# Bucks' losing streak reaches 10



## Badger36 (Nov 11, 2013)

http://www.jsonline.com/sports/bucks/bucks-losing-streak-reaches-10-games-b99152099z1-233708391.html


> The losing streak just keeps growing ... and growing.
> 
> This time the Bucks were not blown out the way they were against Charlotte and Detroit.
> 
> ...


----------



## Bubbles (Nov 12, 2005)

And the Bucks keep rolling.


----------



## ChrisWoj (May 17, 2005)

Andrew Wiggins in Milwaukee, basically Canada? haha


----------



## Basel (Mar 31, 2005)

This Thanksgiving, Bucks fans are thankful for their team losing.


----------



## Kreutz35 (Dec 23, 2011)

ChrisWoj said:


> Andrew Wiggins in Milwaukee, basically Canada? haha


The question is, are we Riggin' for Wiggins or are we Sorry for Jabari?


----------



## Bubbles (Nov 12, 2005)

Tough call.
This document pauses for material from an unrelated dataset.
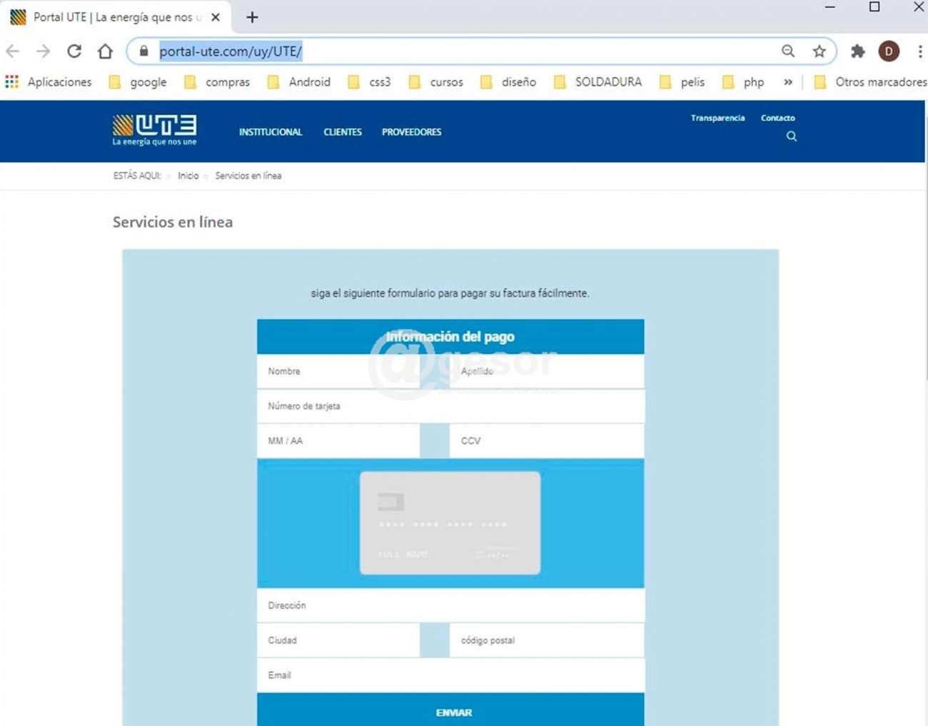 Asimismo UTE, bajo ninguna circunstancia, solicita datos referidos a tarjetas de crédito, ni tampoco envía comunicaciones a sus clientes con enlaces para efectuar pagos de facturas a través de su sitio web: https://portal.ute.com.uy

I would be thankful for either one.


----------



## ChrisWoj (May 17, 2005)

kreutz35 said:


> The question is, are we Riggin' for Wiggins or are we Sorry for Jabari?


You'd be happy with either, but Wig is more of a fit with his love of the great white north.


----------



## roux (Jun 20, 2006)

I just want a top 4 pick.. Thats all i care about at this point


----------